TASK INSTRUCTIONS:
Each line starting at the one that contains "Train journey - from" and ending at the one that contains "Grávida fica ferida" must be returned exactly, and the rest of the listing is left out.

LISTED ENTRIES:

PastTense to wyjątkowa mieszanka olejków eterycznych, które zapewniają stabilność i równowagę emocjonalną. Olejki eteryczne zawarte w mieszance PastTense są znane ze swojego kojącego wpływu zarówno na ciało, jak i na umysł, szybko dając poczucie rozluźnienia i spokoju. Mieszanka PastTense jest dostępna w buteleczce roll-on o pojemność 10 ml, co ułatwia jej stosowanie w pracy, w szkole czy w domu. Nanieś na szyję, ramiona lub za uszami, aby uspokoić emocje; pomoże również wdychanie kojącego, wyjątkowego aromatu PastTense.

...

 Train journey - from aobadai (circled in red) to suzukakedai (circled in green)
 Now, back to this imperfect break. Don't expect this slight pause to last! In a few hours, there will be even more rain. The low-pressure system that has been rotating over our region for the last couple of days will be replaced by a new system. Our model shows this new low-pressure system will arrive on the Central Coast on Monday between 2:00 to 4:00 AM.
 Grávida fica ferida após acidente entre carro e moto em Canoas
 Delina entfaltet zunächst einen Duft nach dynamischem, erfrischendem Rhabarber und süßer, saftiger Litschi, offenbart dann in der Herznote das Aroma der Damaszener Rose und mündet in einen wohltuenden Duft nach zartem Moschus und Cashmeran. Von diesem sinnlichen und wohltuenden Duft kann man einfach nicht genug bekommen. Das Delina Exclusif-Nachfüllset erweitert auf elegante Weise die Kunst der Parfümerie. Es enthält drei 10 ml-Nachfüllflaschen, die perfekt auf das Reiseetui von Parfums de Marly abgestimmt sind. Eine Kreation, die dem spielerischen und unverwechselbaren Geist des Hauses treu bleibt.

* * *

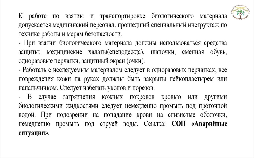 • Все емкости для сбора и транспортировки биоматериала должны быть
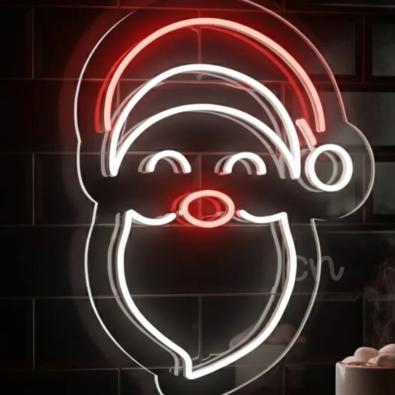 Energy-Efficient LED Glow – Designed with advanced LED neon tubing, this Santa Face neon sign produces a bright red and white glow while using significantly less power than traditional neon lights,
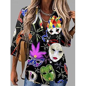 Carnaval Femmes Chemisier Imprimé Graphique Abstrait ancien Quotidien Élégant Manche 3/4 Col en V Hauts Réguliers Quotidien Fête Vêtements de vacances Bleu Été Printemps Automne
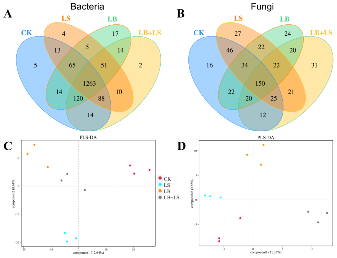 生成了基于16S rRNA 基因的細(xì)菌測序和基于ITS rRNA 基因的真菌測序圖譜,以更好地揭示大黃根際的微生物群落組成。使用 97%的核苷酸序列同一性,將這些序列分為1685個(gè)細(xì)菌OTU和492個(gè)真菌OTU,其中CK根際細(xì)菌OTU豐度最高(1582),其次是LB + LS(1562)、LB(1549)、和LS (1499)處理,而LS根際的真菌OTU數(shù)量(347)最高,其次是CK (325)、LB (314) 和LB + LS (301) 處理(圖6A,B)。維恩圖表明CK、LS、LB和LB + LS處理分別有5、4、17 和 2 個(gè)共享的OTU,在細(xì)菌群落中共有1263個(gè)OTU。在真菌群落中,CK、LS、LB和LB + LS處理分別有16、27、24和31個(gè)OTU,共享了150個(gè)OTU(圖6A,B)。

RESPONSE:
 Train journey - from aobadai (circled in red) to suzukakedai (circled in green)
 Now, back to this imperfect break. Don't expect this slight pause to last! In a few hours, there will be even more rain. The low-pressure system that has been rotating over our region for the last couple of days will be replaced by a new system. Our model shows this new low-pressure system will arrive on the Central Coast on Monday between 2:00 to 4:00 AM.
 Grávida fica ferida após acidente entre carro e moto em Canoas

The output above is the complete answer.